- **Your task**:
Go to the line in the entries below that holds "En la tabla" and repeat exactly from there through the line that holds "La platine CD", inclusive.

- **Data to process**:
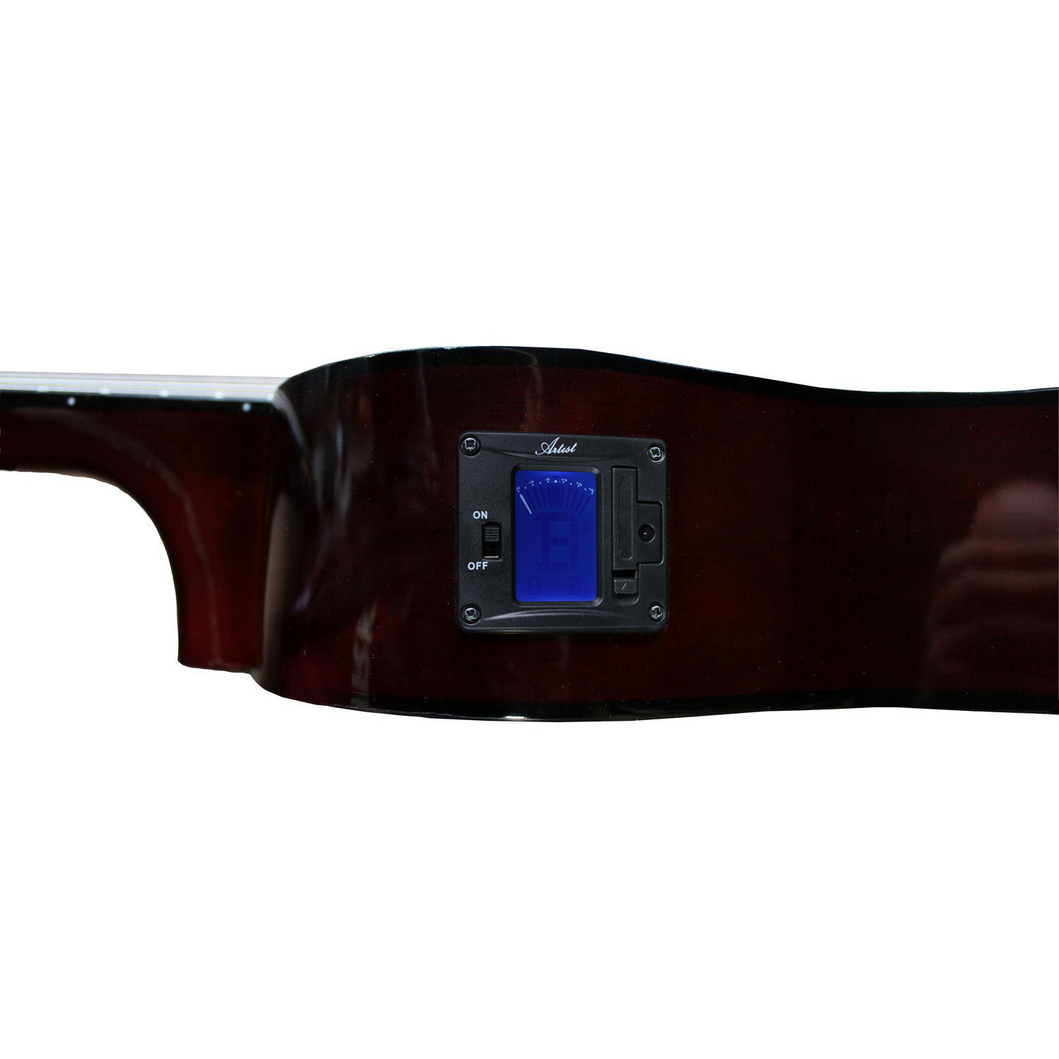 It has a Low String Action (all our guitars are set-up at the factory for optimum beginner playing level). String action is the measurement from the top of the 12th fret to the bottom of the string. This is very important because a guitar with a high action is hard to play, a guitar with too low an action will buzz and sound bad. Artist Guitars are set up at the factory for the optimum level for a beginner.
---
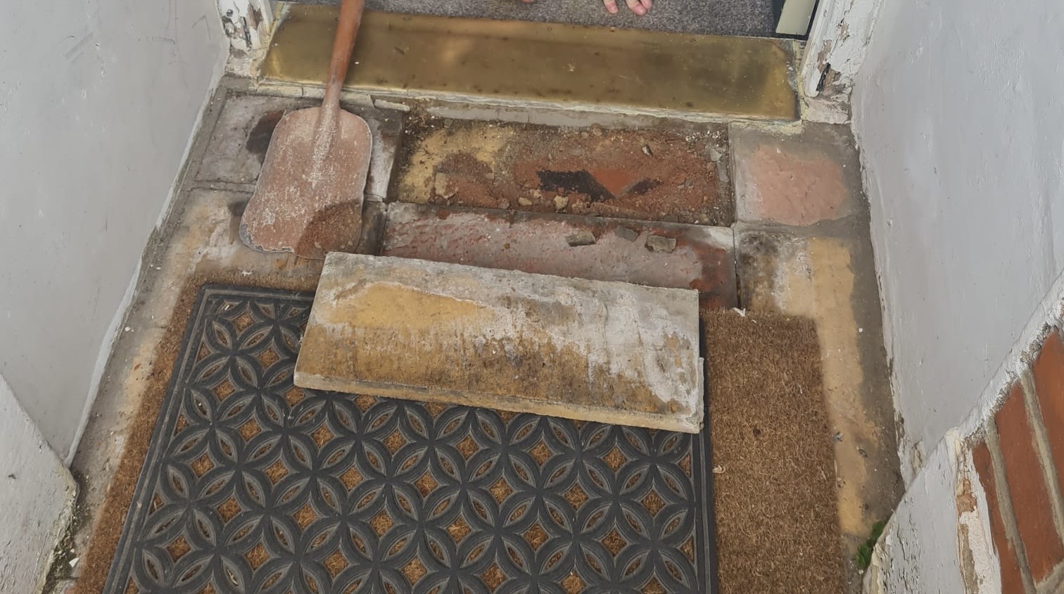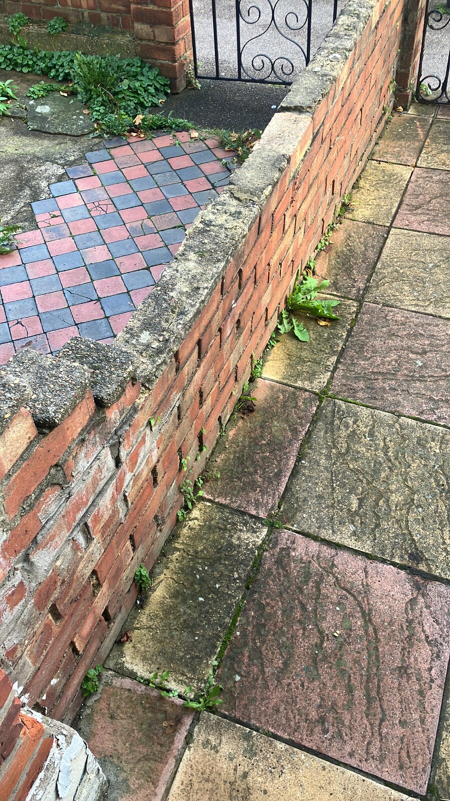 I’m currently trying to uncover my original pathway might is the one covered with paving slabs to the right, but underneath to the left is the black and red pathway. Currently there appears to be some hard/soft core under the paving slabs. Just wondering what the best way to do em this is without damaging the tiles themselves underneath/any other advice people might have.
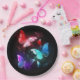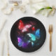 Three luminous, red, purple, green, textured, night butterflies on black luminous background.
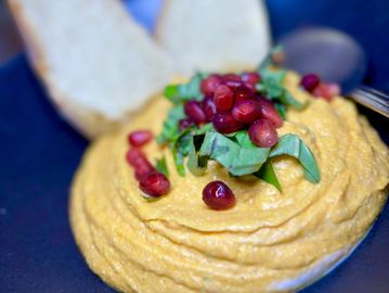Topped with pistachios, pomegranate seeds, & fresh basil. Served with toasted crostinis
...
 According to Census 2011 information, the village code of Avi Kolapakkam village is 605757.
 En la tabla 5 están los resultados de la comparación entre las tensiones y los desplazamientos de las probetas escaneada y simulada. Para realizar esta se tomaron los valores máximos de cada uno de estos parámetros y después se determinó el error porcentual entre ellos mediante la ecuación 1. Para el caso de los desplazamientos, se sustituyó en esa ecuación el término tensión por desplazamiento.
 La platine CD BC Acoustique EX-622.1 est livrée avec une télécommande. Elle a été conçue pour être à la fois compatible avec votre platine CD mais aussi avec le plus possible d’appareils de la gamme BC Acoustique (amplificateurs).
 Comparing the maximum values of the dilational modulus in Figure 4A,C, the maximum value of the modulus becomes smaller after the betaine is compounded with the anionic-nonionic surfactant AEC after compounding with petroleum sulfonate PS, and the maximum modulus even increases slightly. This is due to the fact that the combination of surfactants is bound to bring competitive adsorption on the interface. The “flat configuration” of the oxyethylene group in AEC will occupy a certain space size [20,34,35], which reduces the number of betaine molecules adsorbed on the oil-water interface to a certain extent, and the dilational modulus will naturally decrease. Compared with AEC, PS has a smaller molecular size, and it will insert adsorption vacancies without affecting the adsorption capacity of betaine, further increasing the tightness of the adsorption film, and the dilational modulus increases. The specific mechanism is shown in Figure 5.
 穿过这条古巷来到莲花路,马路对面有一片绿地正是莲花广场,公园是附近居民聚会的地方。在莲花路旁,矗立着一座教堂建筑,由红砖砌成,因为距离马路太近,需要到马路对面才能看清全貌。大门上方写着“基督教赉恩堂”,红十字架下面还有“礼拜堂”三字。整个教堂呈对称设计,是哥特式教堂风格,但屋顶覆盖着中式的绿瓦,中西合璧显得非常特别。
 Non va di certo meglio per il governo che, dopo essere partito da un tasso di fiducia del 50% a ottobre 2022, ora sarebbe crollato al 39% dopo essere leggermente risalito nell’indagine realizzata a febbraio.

- **Task output**:
 En la tabla 5 están los resultados de la comparación entre las tensiones y los desplazamientos de las probetas escaneada y simulada. Para realizar esta se tomaron los valores máximos de cada uno de estos parámetros y después se determinó el error porcentual entre ellos mediante la ecuación 1. Para el caso de los desplazamientos, se sustituyó en esa ecuación el término tensión por desplazamiento.
 La platine CD BC Acoustique EX-622.1 est livrée avec une télécommande. Elle a été conçue pour être à la fois compatible avec votre platine CD mais aussi avec le plus possible d’appareils de la gamme BC Acoustique (amplificateurs).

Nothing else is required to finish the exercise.